Using 20-µm pixels in mouse brain and human tonsil tissues, the researchers reported median counts of 7,647 and 14,939 unique fragments per pixel, respectively. Of those, approximately 18 percent fell within transcriptional start site regions and 24 percent and 14 percent were in ATAC-seq peaks. For comparison, 10x Genomics' non-spatial single-cell ATAC-seq assays obtained a median of 17,321 unique fragments per cell with 23 percent TSS fragments, they said.

"We used it to validate many things we had seen in the literature," Castelo-Branco said, such as gene regulators involved in increasing or decreasing chromatin accessibility and the organization of immune cell types in lymphoid follicles, adding that it was "a showcase of the potential of the technology."

"I am already looking to integrate this tool for the researchers I serve," Lalancette said. "However, we must not forget that chromatin accessibility is the 'end result' of many layers of epigenetic regulation involved in chromatin organization." She noted that the authors' spatial-CUT&Tag workflow can be run on the same microfluidics barcoding platform and that she is looking forward to seeing other assays built on top of that.

As single-cell analysis goes increasingly multi-modal, spatial will soon follow. "I really think that's where the most powerful data analysis can be achieved," Fan said. "Not just using your own spatial-ATAC-seq data but adding single-cell RNA-seq data."
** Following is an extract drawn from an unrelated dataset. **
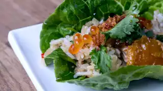 Garnish with cilantro, pea tendrils, salmon roe and chicken skin. Serve on lettuce cups.

New bioinformatics strategies for this type of data will need to be developed, though. "Pixels can have two or three nuclei," Deng said. "In principle, you can do decomposition or deconvolution to get the epigenetic profile from each different nucleus."

Computational methods to do that already exist for spatial transcriptomics data. "I hope someone can do the same deconvolution for spatial-ATAC-seq," he said.